Some types support both vertical (each item on their own line) and horizontal
(every item on one line) values, the rest support only vertical values.

Tuples that read a string in the first position trigger raw mode. Raw mode has
the unique line-as-section parsing mode where it interprets a line as a
section with an empty body. Normally a line is interpreted as the horizontal
variant of a structured type.

## Notes

* Serde's `#[serde(flatten)]` attribute does not work well with IDM if used
  with structs. It switches from struct-like parsing to map-like parsing, and
  stops providing types for values. The result is that all values to the
  flattened struct are provided as strings and won't deserialize correctly. It
  can still be useful for maps that collect string values or structs that have
  string values (or deserialize via strings) for all their fields.

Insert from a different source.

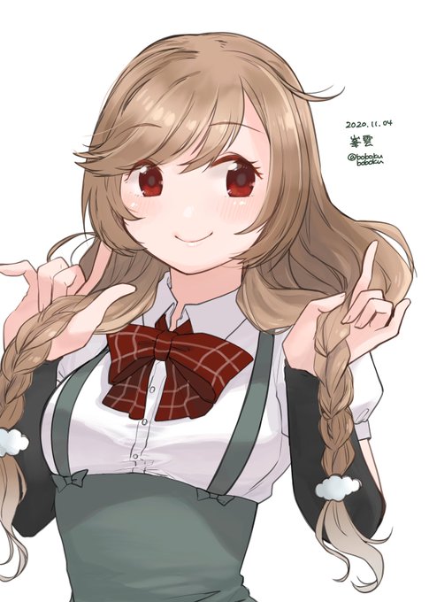 三つ編みにしてもらって喜ぶベイさん

* A structural pair where the first half is a colon-indented struct or map
  can't have the second half also be a struct or a map. Due to how the second
  half is fused in the first, the second map cannot be syntactically
  distinguished from the first.

* To set up the locally versioned githooks, do

```notrust
git config --local core.hooksPath githooks/
```

## License

IDM is dual-licensed under Apache-2.0 and MIT.